I recently attended the QCon London conference, and I have to say that there were a number of really interesting and thought-provoking talks.
I very much enjoyed Bart De Smet’s talk on “LINQ, take two”. This talk consisted of some observations on the current state of LINQ. In particular, the speaker pointed out that you don’t need to use interfaces when implementing LINQ as this forces the implementation of error raising methods corresponding to functionality that you don’t provide, which leads to completions in Visual Studio which aren’t really of value. Instead you can use the way that the compiler uses syntactic transforms and straightforward overloading to make it easier to use statement completion on queries for your own provider. The talk then moved on to IQbservable interface and later on to the scheduling of the execution of the LINQ query as the third dimension of query execution. This was the last talk of the conference and it overran by 15 minutes, but it was well worth attending.
“Webmachine: A practical executable model of HTTP” was really interesting from two angles. First it talked about something that was implemented in Erlang. This meant we got to see a small amount of Erlang code, and the implementation had a functional programming flavour with no global state and no mutable shared state. The main point of the talk was that this was a way to do REST correctly. Webmachine is an implementation of the state machine that governs HTTP requests. From this point of view it is interesting in itself, as it highlights some of the corner cases of the specification that are not often seem. The idea behind Webmachine is that this state machine calls out of user defined functions at various points. These functions can change the interaction by returning the appropriate values.

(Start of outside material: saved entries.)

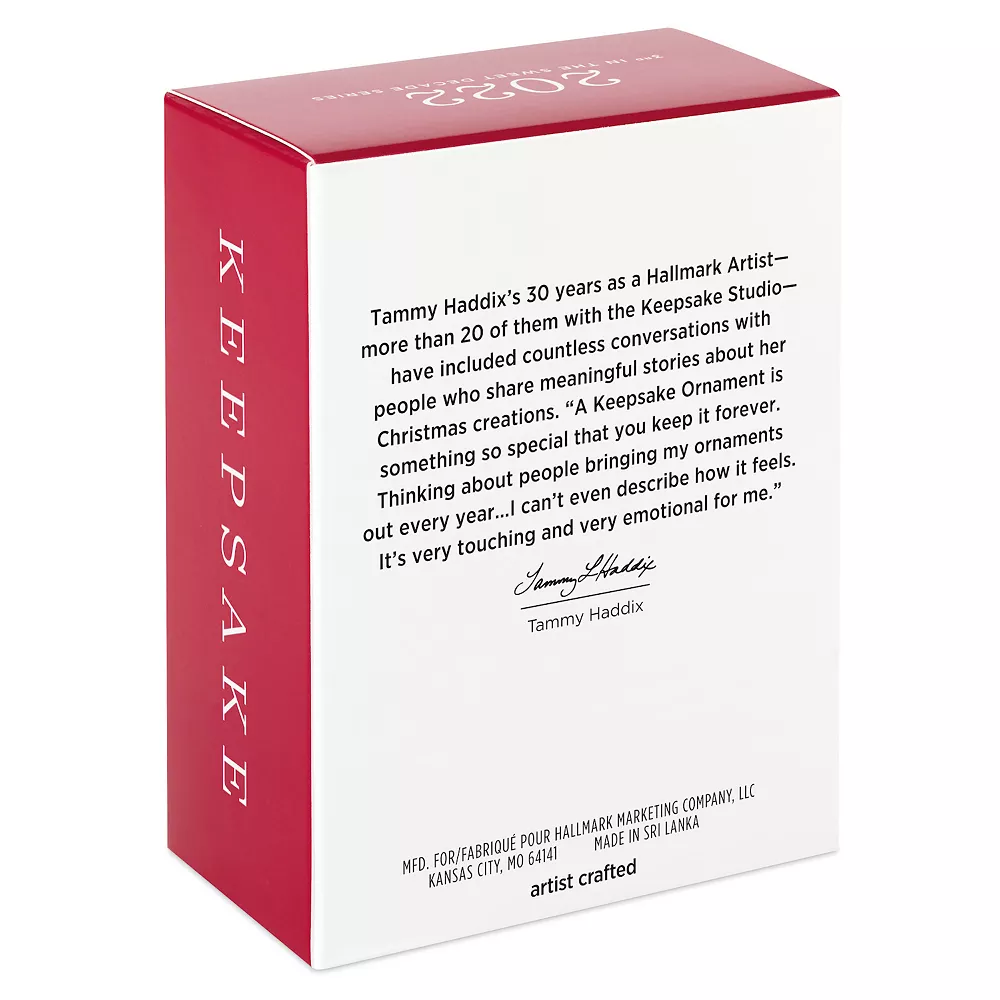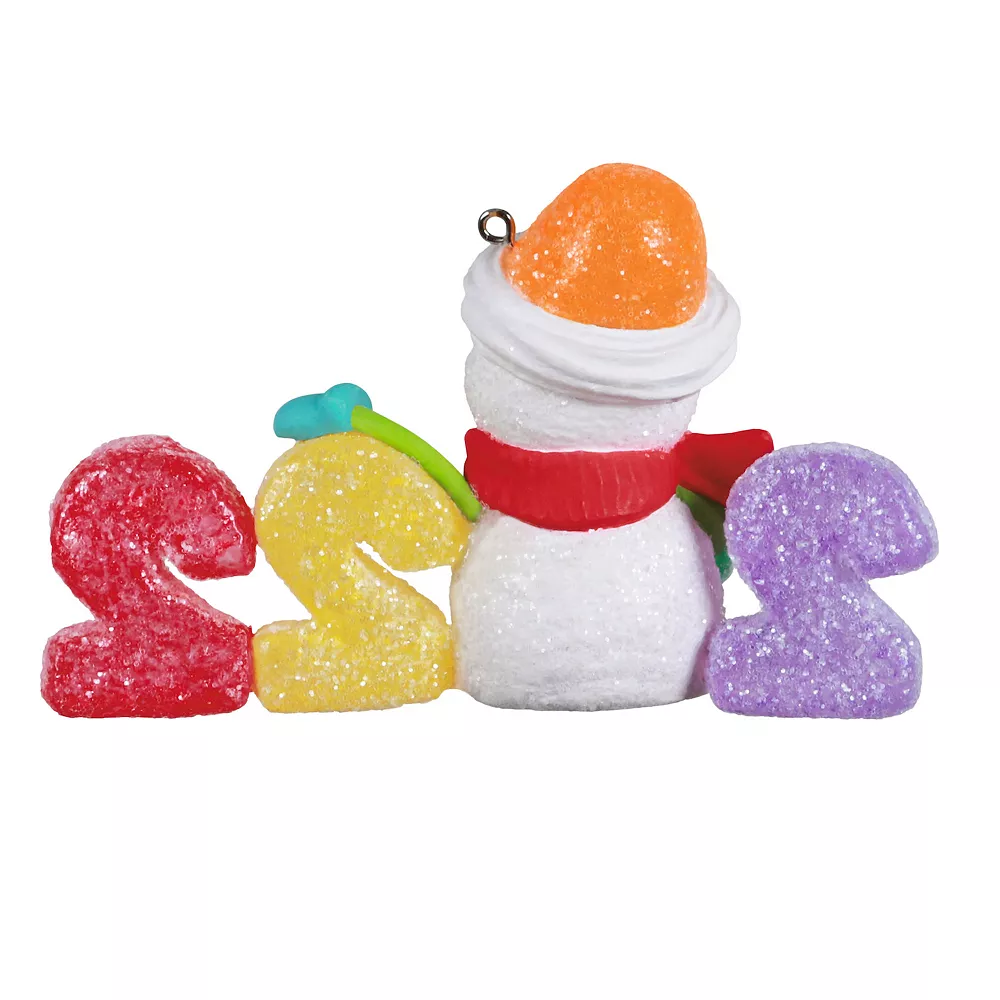 Celebrate a year to remember with this cute Christmas tree ornament. Featuring gumdrop numbers and a glittery snowman holding a wreath in place of the “0” for “2022,” this decoration is perfect for anyone with a sweet tooth.
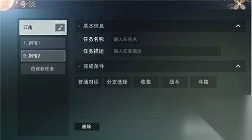 《楚留香》剧情编辑选择 我们随机点击其中一环任务,会切换到对应任务的编辑内容。这一条内容由基本信息、完成条件两个部分组成。基本信息包括任务名称与任务的描述,每一环任务都需要设置一个完成条件。目前共开放普通对话、分支选择、收集、战斗、寻路五类完成条件。
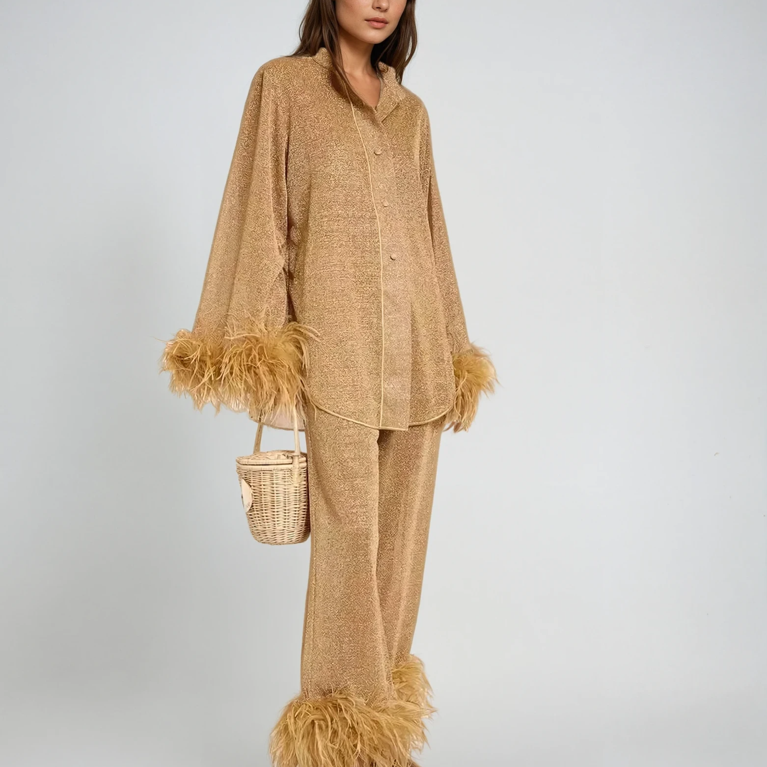 Lya - Dviejų dalių komplektas su plunksnų apykakle
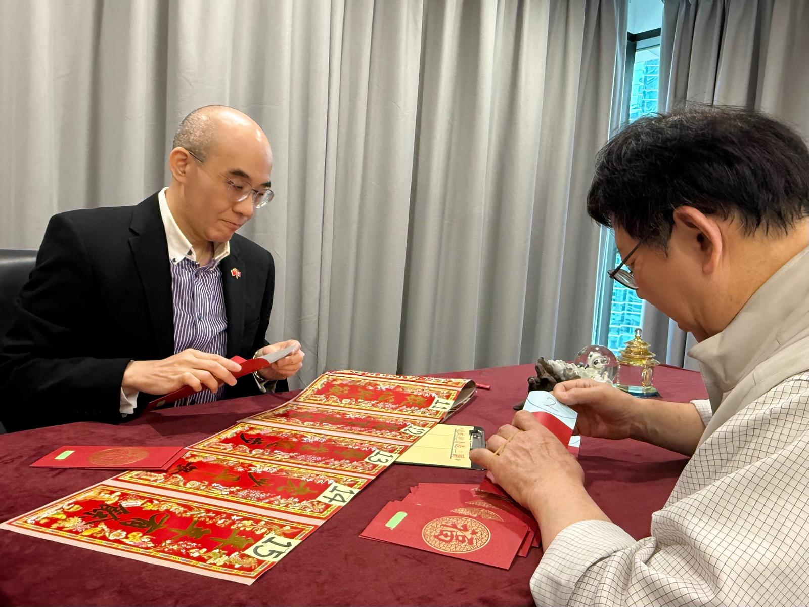 With the Chinese New Year just around the corner, Audit volunteers also stopped by the neighbourhood nearby to give the residents care and blessings. They also seized the time to spread anti-scam messages to the public.
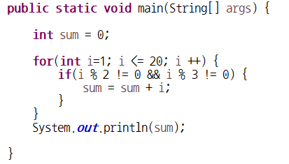 2의 배수와 3의배수가 둘 다 아닌 수가 참이기 때문에 &&(AND)를 사용한다. → i % 2 != 0 && i % 3 != 0
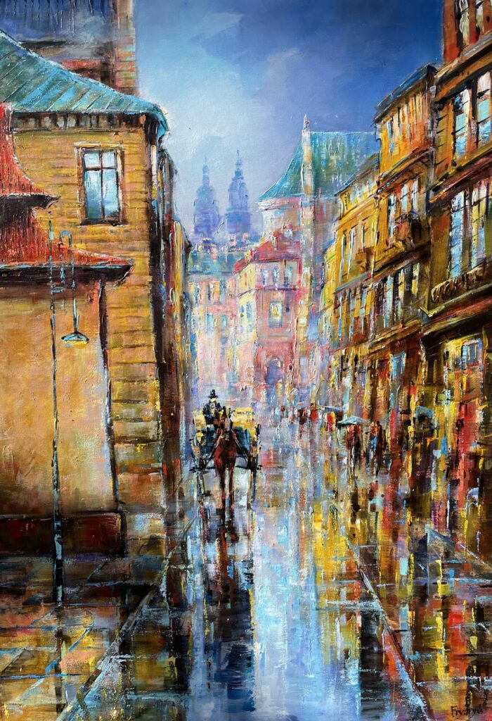 Danuta Frydrych, a talented painting artist, creates her paintings with oil paint on canvas. Her works emanate a unique atmosphere after the rain, in which strong reflections and the play of lights give them an extraordinary atmosphere. In her paintings, you can see how a raindrop flows down the glass, reflecting and blurring the light in a mysterious way. This magical moment is captured on canvas with incredible precision. Through the intricately applied layers of paint, we feel the delicate falling drops and their effect on the surrounding world. The oil paints that Danuta uses create dense and deep colors that bring the paintings to life. Her technique is precise and virtuosic, and every brushstroke matters. As a result, each piece reflects her ability to convey delicacy and strength at the same time. The play of lights and shadows is a key element in Danuta's work. The light falls on the wet sidewalks, reflecting off the puddles, creating a colorful dance. Reflections on the wet surface of the street or shiny leaves give the paintings a three-dimensional character. The artist's eyes are able to see beauty in ordinary, everyday situations and express it on canvas in a unique way. Each painting by Danuta Frydrych is a story that delights and inspires. Her works take us to a magical world after the rain, where reflections and the play of lights enliven landscapes and urban landscapes. Her talent, passion and ability to create atmospheric scenes make Danuta's paintings an unforgettable experience for the eyes and soul.
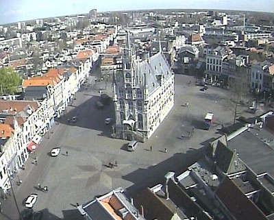 De Grote Markt in Gouda, nu nog ongezellig leeg...
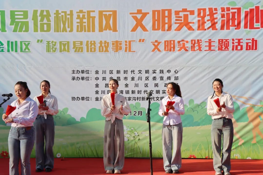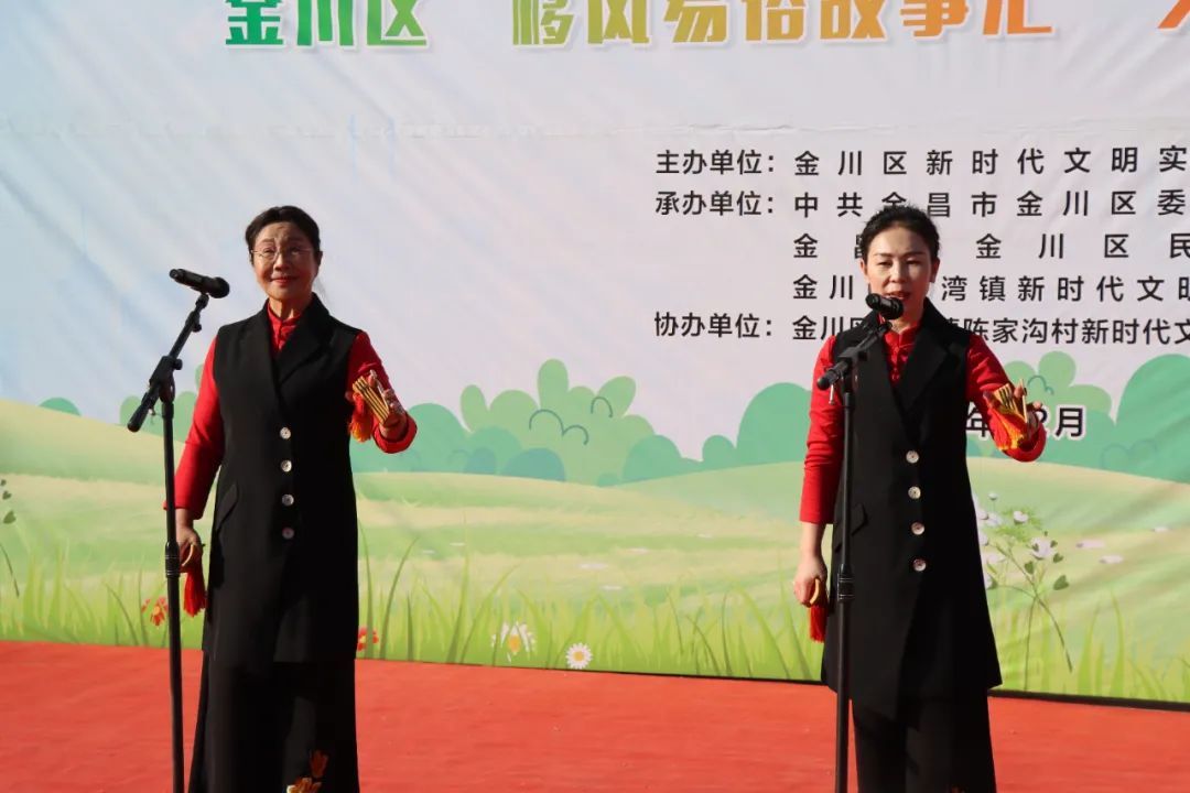 此外,“‘移风易俗’书记说”环节也为活动增添了不少亮点。陈家沟村、龙寨村、古城村新时代文明实践站站长结合本村实践成果分享经验做法,深刻阐述了移风易俗的重要性和意义,号召广大村民积极行动起来,共同为创建文明、和谐、美丽的乡村环境贡献力量。同时,金川区新时代文明实践志愿服务总队志愿者通过接地气、冒热气的宣讲,不断深化群众对移风易俗的认识和理解。

The presenter showed how easy it was to write a simple REST server. The defaults have been chosen to make this easy, and the user defined functions are passed the appropriate arguments, so that if the bodies only depend on the parameters, it is really easy to ensure that the server behaves as it ought.
Webmachine has been ported to a number of languages, and I’m sure it will make its way to other languages in the near future.
“Advanced Reflection” was a talk by JB Evain that highlighted the use of the Cecil library. This is a library for manipulating .NET assemblies. It provides an object model over the assemblies, allowing them to be modified and re-saved. The talk emphasised the use of the library for Aspect Oriented programming – one main example was adding checks to the prologue of functions to check for null parameters.
The current implementation allows a method’s code to be modified at the IL level, and the presenter talked about his future hopes of decompiling the IL into expression trees and allowing the modification at this level.
Cecil (and associated utility libraries) is a really useful tool which we have used at work for reading and adjusting assemblies.
Node.js is very scalable due to its use of the operating system to queue the work. A single thread means that there isn’t the memory overhead of many blocked threads, and performance is good as there is little context switching or scheduling overhead. Load balancing happens at the level of having multiple Node.js instances instead of at the threadpool level.
On the Wednesday, I attended two talks on The Java track. “Java’s youthful maturity” talked about the soon to be released version of Java, emphasising the new VM support for dynamic languages via the invokedynamic bytecode. There was also discussion of some concurrency support via the ForkJoin classes which support the ForkJoin pattern. During this discussion we got to see the new lambda syntax in Java, and a potential mechanism for extending existing classes. This latter facility adds default implementations into existing classes to support backwards compatibility.
“The future of Java EE” was very much about getting Java to work better with the cloud. During the talk the presenter used the glassfish application server to deploy an application into the cloud.
I also attended an “Introduction to iOS development” which was a quick tour of the iOS platform and it’s development tools. The introduction to Objective-C was really good, though as I’m a fan of Smalltalk it was easier to grasp the + and – to denote class and instance methods and the parameter syntax. The presenter gave brief guidelines for when an HTML5 application should be written in preference to a native application.
Both days also had relatively interesting keynote presentations, and the conference was really worthwhile.